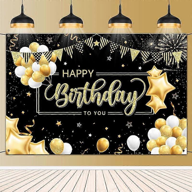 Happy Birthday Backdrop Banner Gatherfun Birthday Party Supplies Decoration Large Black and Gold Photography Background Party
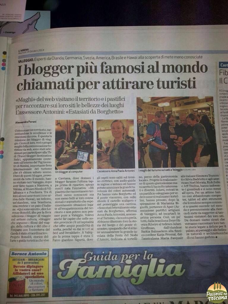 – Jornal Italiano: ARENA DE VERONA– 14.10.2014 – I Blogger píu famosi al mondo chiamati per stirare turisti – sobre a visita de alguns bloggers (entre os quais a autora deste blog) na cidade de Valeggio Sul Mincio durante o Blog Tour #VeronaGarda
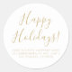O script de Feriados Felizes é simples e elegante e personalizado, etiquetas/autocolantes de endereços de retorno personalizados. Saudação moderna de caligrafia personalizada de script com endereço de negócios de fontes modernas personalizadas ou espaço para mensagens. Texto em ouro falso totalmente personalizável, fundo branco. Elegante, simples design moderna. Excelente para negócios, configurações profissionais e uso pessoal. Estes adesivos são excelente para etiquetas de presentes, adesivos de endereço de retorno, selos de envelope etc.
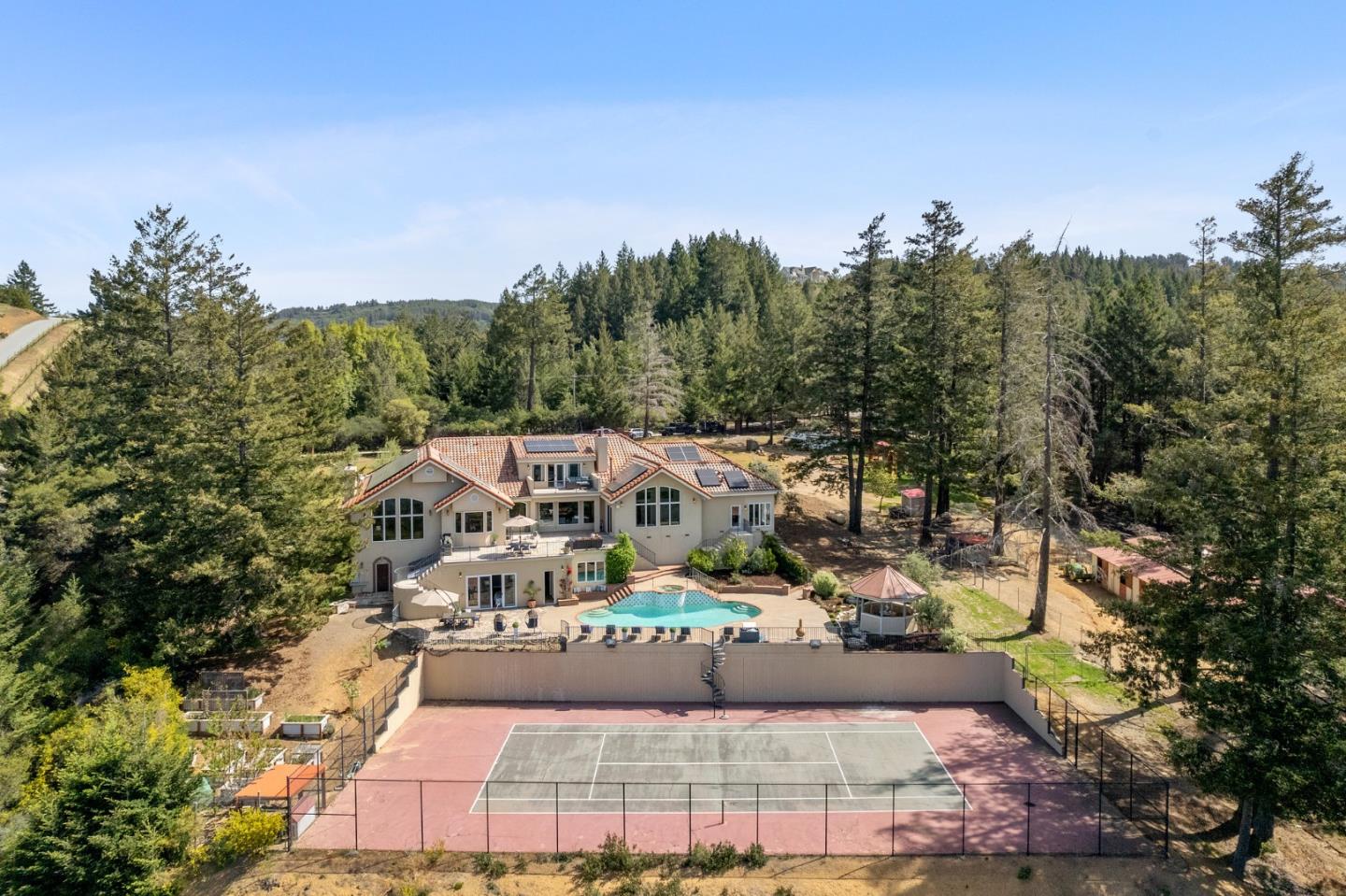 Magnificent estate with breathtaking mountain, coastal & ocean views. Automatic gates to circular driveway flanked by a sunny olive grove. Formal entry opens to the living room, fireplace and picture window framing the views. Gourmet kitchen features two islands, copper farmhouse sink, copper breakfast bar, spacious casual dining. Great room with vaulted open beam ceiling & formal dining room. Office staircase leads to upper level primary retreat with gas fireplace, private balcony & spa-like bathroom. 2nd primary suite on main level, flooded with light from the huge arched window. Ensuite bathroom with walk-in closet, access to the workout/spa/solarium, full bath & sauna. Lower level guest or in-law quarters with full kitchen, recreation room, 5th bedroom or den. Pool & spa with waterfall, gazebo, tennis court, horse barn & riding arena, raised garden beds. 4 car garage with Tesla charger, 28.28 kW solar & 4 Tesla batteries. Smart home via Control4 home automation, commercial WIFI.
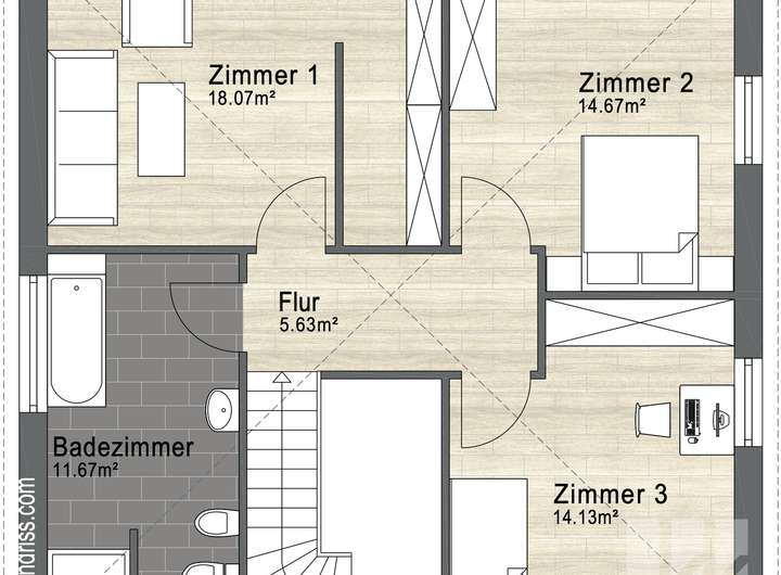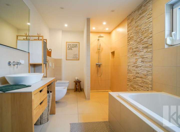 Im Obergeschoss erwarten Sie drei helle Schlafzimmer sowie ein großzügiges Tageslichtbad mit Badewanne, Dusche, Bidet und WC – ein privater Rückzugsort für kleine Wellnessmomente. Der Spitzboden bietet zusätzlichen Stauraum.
...
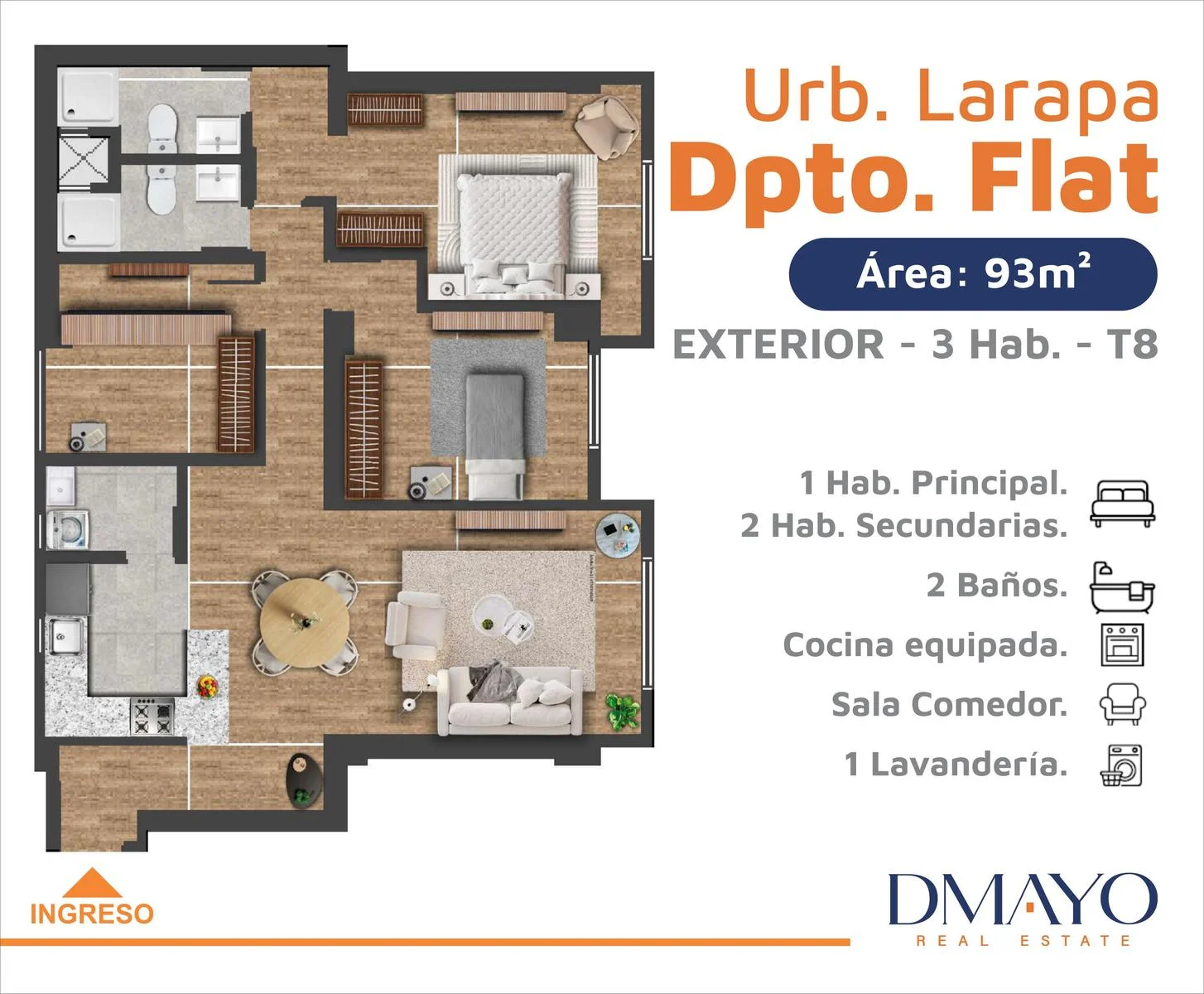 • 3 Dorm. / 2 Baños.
* * *
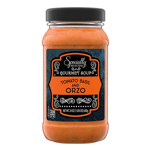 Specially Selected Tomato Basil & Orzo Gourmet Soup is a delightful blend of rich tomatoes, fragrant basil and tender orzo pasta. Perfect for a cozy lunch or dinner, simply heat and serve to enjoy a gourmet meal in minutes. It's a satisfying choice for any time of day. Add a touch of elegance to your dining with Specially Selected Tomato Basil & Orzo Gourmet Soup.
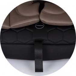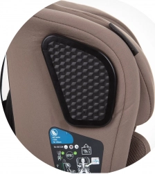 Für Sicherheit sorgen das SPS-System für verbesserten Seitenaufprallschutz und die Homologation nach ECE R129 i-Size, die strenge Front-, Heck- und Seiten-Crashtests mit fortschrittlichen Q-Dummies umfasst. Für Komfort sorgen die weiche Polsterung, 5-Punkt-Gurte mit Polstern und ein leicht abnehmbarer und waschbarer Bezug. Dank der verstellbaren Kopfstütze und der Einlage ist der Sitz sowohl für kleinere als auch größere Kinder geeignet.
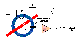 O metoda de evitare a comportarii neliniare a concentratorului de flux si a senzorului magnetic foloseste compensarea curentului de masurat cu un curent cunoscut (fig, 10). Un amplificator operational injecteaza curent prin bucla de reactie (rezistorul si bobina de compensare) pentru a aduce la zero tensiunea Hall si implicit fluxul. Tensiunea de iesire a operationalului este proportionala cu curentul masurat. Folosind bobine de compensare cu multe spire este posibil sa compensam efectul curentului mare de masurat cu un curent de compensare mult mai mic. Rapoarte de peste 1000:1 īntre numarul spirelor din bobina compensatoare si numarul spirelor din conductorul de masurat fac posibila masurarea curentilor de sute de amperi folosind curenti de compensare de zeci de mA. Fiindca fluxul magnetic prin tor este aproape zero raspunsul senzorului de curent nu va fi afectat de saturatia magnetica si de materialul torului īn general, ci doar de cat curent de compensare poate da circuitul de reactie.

Exercise requirements
Could you output exactly the lines above, from the line with "Happy Birthday Backdrop" up to and including the line with "Blog Tour #VeronaGarda", and nothing else, skipping the pictures?

Output
 Happy Birthday Backdrop Banner Gatherfun Birthday Party Supplies Decoration Large Black and Gold Photography Background Party
 – Jornal Italiano: ARENA DE VERONA– 14.10.2014 – I Blogger píu famosi al mondo chiamati per stirare turisti – sobre a visita de alguns bloggers (entre os quais a autora deste blog) na cidade de Valeggio Sul Mincio durante o Blog Tour #VeronaGarda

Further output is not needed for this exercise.